Let’s try a few exploratory analyses and transformations through the chat feature.
In the following example, we ask “How many rows does the dataset have?”
In the following example, we drop the columns Timestamp, Country, state, and comments, because these features will have least impact for classification of our model. Choose View code to see the generated Spark code that performs the transformation, then choose Add to steps to add the transformation to the data flow.
You can provide a name and choose Update to save the data flow.
In the next example, we ask “Show me all unique ages sorted.”
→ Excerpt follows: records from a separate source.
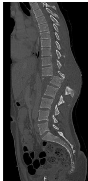
CT luxační fraktura bederní páteře

S vyšším číslem se závažnost fraktury zvyšuje. (pozn.: AO klasifikace se dobře ujala s výjimkou proximální části humeru (AO je moc složitá) a femuru, kde tato klasifikace nepostačuje).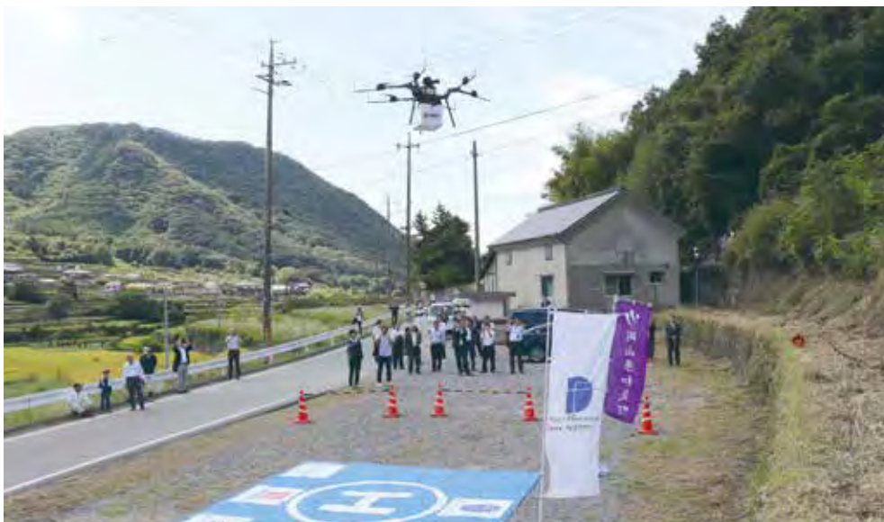
ドローン検証実験の様子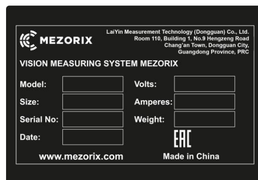
Рисунок 6 – Общий вид маркировочной таблички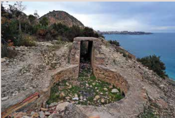
Plataforma antiàeria Alacant.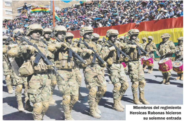
Miembros del regimiento Heroicas Rabonas hicieron su solemne entrada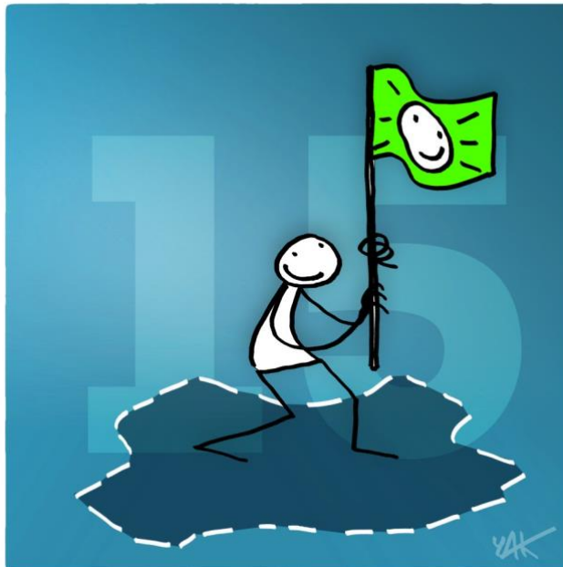
Abbildung 15: Das Bild zu Artikel 15.

Jeder Mensch hat Anspruch auf eine Staatsangehörigkeit.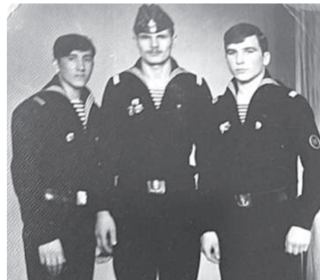
Ташкентского политехнического института и Ташкентского университета.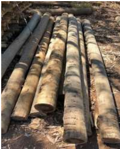
Madeira de reflorestamento

Os materiais utilizados para execução do projeto será a madeira de reflorestamento, tela de sombreamento (sombrites), bandejas, tubetes para cultivo das mudas, sementes de plantas nativas do cerrado, adubo, minhocário, parafusos, canos, torneiras, regador, mangueiras, composteira e aspersores de irrigação.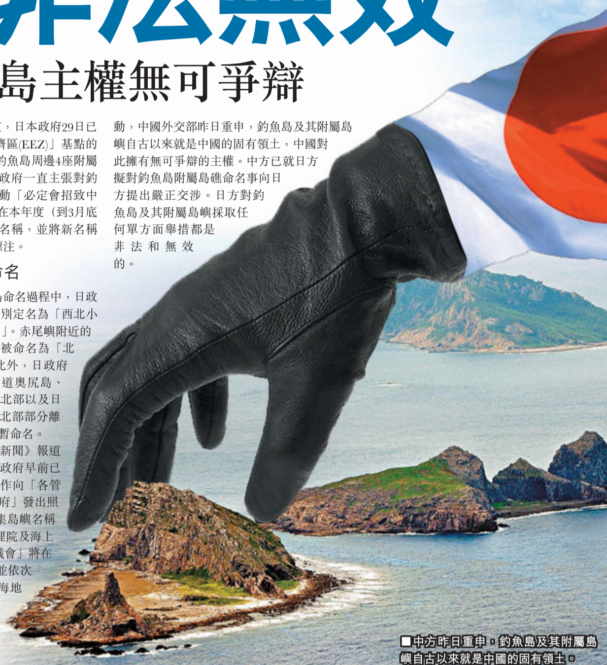
中方昨日重申，釣魚島及其附屬島嶼自古以來就是中國的固有領土。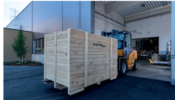
Transport einer fertig assemblierten Anlage von Supervac.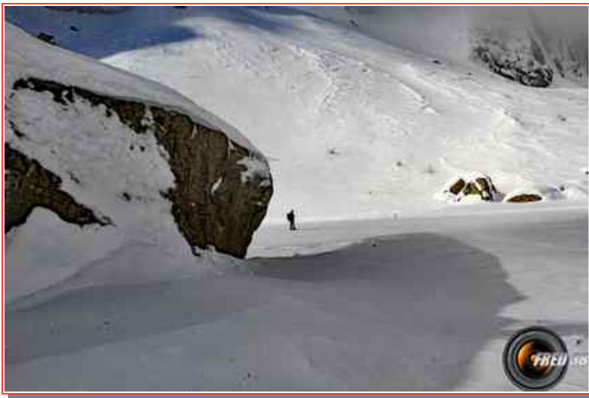
Le gros rocher

Itinéraire pour le sommet 6 km, 250 m de dénivelé positif.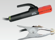
MMA-sæt 300 A - 4 m - 35 mm 2 038295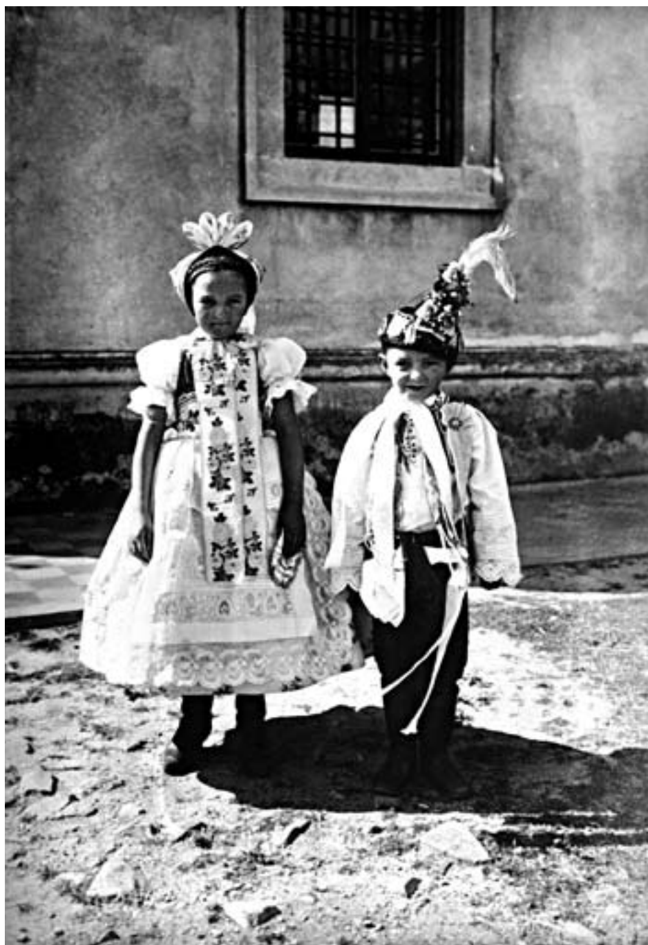
71. Neg. 86: Rok 1919, děvčátko a chlapec v jihomoravských podlužáckých krojích. Dokumentační snímek dětí v dobově pojatých svátečních krojích z obce Chorvatská Nová Ves.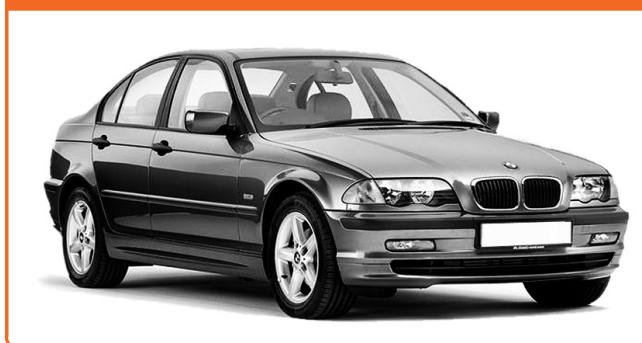
BMW 3 E46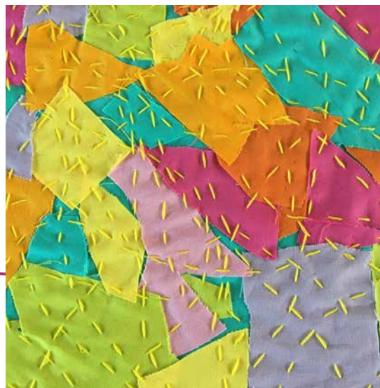
En dreng fra 7. klasse skabte en collage og syede med frie sting i gult over hele fladen efterfølgende.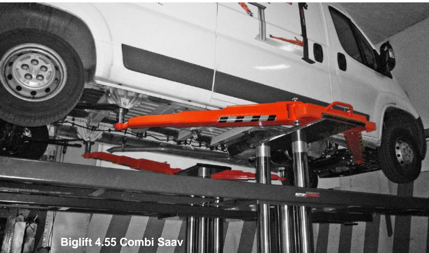
Biglift 4.55 Combi Saav

Polecamy podnośniki najazdowe 4-stemplowe oraz 4-kolumnowe o udźwigach od 5 do 7.2 ton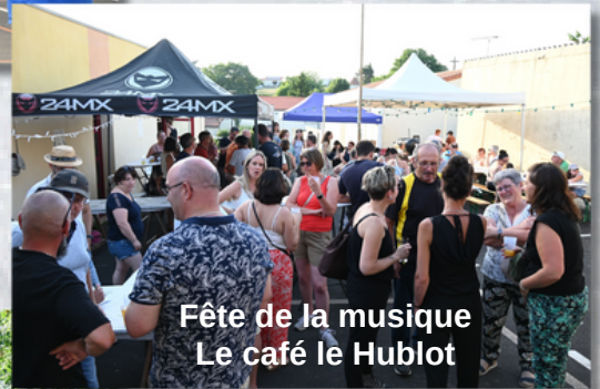
Fête de la musique Le café le Hublot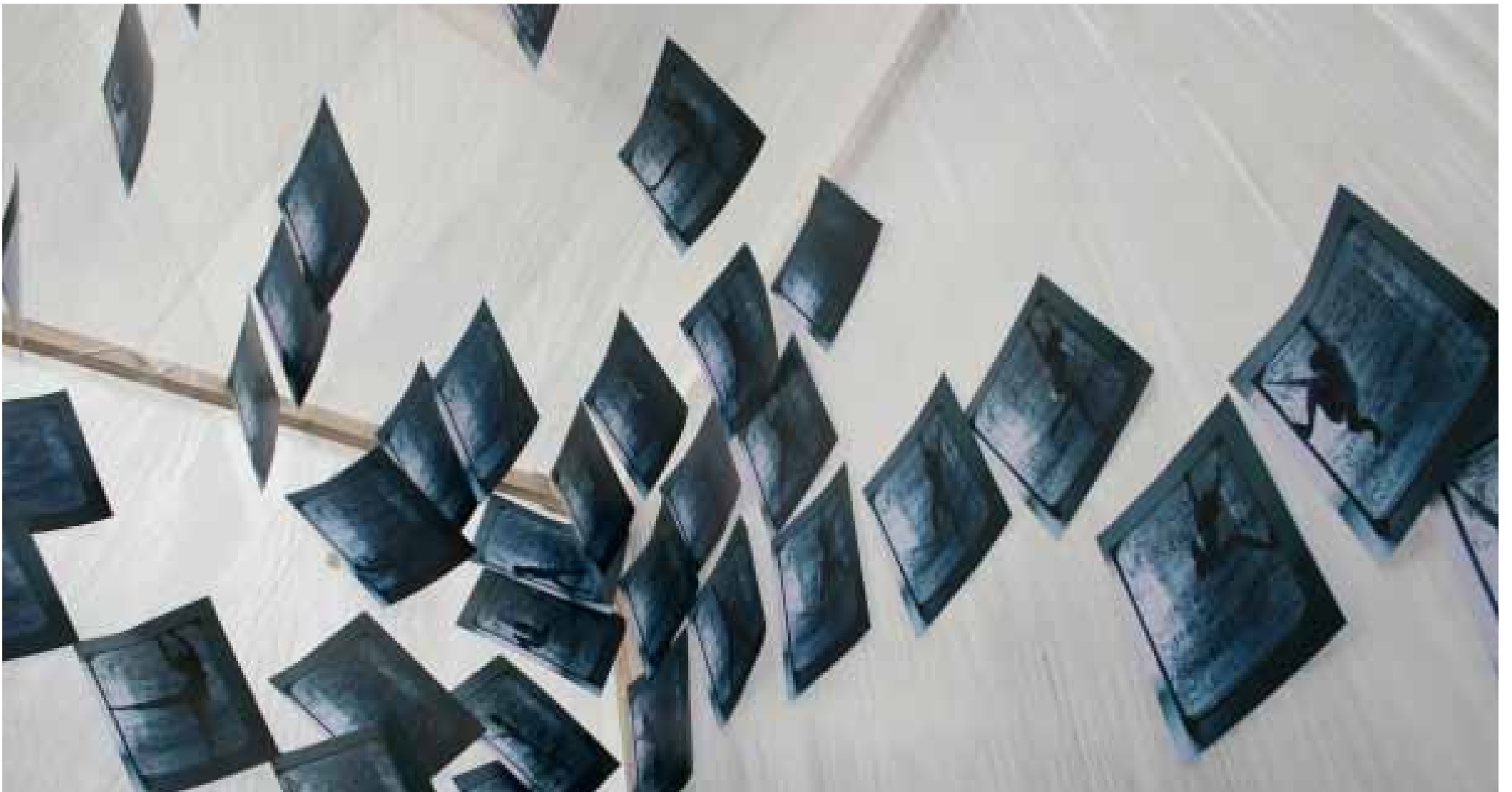
Dokumentation der Ausstellungen „How to survive“, Kunstpavillon, 2009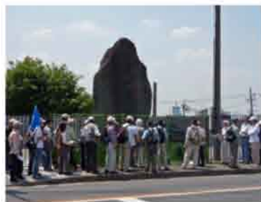
明治18年洪水碑の説明を聞く

京阪電鉄枚方公園駅に集合し、枚方市駅までの京阪線と淀川に囲まれた史跡16ヶ所を巡った。今回は江戸時代の京街道沿いの枚方宿の境界である西見附(守口側)く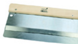
11 Osmo Dubbelspackel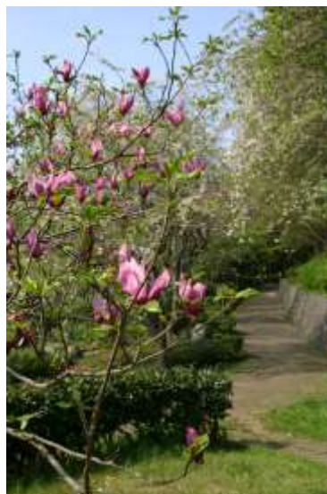
柿の木坂のモクレン

Some ages are negative, so we should filter on valid ages. We drop rows with age below 0 or more than 100 and add this to the steps.
In the following example, we ask “Create a bar chart for null values in the dataset.”
Then we ask for a bar chart for the treatment column.
In the following example, we ask for a bar chart for the work_interfere
column.
In the column work_interfere
, we replace the NA values with “Don’t know.” We want to make the model weight missing values just as it weights people that have replied “Don’t know.”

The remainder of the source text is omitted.